How to best plan Your Half Marathon Training
A half marathon is something that puts runners into a more elite category. Most people think about running five miles as a challenge, for seasoned runners, a half marathon is something that is a bit more than what they are used to. Whether you are new to running, or new to the marathon circuit, a half marathon is an excellent endurance run goal. Depending on what your normal routine is, planning for a half marathon involves extending your runs and weight training as well as conditioning.
The goal is to finish unscathed and uninjured
The key to running a half marathon is to get to the finish line unscathed and uninjured. The best way to ensure that is to do lots of conditioning and strength training. Running and acquiring miles to practice is obviously going to be part of the goal, but incorporating strength and functional training is an excellent way to stay healthy and to stay off of the injured list.

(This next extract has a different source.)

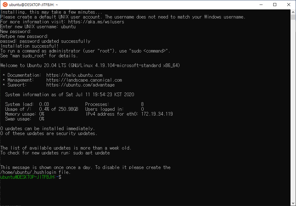 ubuntu@DESKTOP-JITFBJH:/mnt/c/Users/kim$반응형
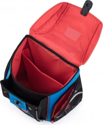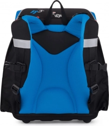 Sættet inkluderer også en praktisk pose til gymnastik eller indendørssko, som let kan lukkes ved at trække i snørebåndene. En-etagers penalhuse med to flapper uden fyld har elastiske løkker til at holde skriveredskaber, og en gennemsigtig folie til en skema-oversigt er en praktisk hjælp til skoleplanlægning.

If you are ready to make the commitment to run a half marathon, it is a good idea to enlist help. That comes in two forms. You are going to need the support of those around you to encourage you to keep pushing yourself further, and you are likely going to need a trainer who can show you the best conditioning exercises to get you ready for the big day. Increasing miles on a weekly basis, you should be ready to try your hand after about two months of adequate training.
The training is as challenging as the race
Just remember to be patient with yourself. Recognize that training is part of the challenge with the race being only part of the accomplishment. Getting to the finish line is an amazing feat, making the commitment, following through, and enjoying getting there, are all part of the process too. If something should set you off track, don’t get discouraged, there is always another half marathon to try around the bend.
Are You Ready To Take The Half Marathon Plunge?
If you are considering running a half marathon but haven’t formally trained for it, you may be asking if you can just run it cold. The answer is both yes and no. A half marathon is a grueling 13.1 miles. Only half of a marathon, though, it may not be as big of a commitment as you think. In general, if you can make it nine miles you can go the additional four.
Since most people who run a marathon build up to the 26-mile mark, they don’t actually run a full marathon during training. They get to a point where the additional miles needed are within reason. That is why, feasibly, if you are a conditioned runner, and you can easily complete up to nine miles cold, there is no reason with the adrenaline, drive, and desire you can’t go the extra couple of miles to do a half marathon.
From zero to 26
If the question is, "Can I right out the gate run a half marathon?" if you are not an endurance runner, or you are a novice, then you should probably try training formally to run a half marathon. Many factors determine when you are ready to run 13 or more miles. The last thing that you want to do is go all out and end up injured. Generally, we think of injury as a week or two off, but for injuries that can come with running excessive miles without training, you can do some lasting damage.
If you are asking if you are ready, think long and hard about whether it may be in your best interest to hold back and train for a month or two. A little weight training and conditioning can go a long way. It isn’t so much about getting to the finish line; it is as said about getting there uninjured and safely.
Half Marathon Training For Beginners
Congratulations if you have made the decision to do something really amazing and something few will ever accomplish. A half marathon is a very challenging feat even for advanced runners. If you are a beginner, there are some things that you should consider before setting a course to train for your first race.
A half marathon is a great goal to shoot for. Sometimes a stepping stone for a full marathon, sometimes just to say that you could do it, a half marathon will put you in an elite category of athletes. The key to training is to be realistic and not to get too obsessed. Also, it is crucial that you not take things too seriously, or push yourself beyond your limit. After all, the key is to compete in a half marathon, not to end up on the injured list.
Select the right race
If you are training, it is best to choose three potential half marathons to run, at various times of the year. If you limit the race day to strict deadlines, you may be working against yourself. There are likely many half marathons to choose from, setting realistic goals by giving yourself more than one goal date, may help to keep you positive and not to become too overwhelmed.
Get a supporting pal or a PT
You wouldn’t hop into a soccer game and just start running the field, running is a sport just like soccer. If you want to train, and you are a beginner, you should consider hiring someone to help you along. A good training goal is to combine mileage with strength training. If you get a good balance of the two it will keep you strong and injury free. Hire someone who specializes in training, at least, to help you in the beginning, it will be well worth it instead of going it blindly.
There are also lots of great mobile applications to use; Strava
to mention a few.
Lastly, make sure to enlist the support of your friends and family. A time-consuming goal, having loved ones who will provide you encouragement and help to keep your spirits high when they are likely to start to sink, is the best way to reach your goal of running a half-marathon. Greece wasn’t built in a day; neither was the marathon that was run around the in Athens. Give yourself some patience, be kind and listen to what your body is telling you. It is almost always right.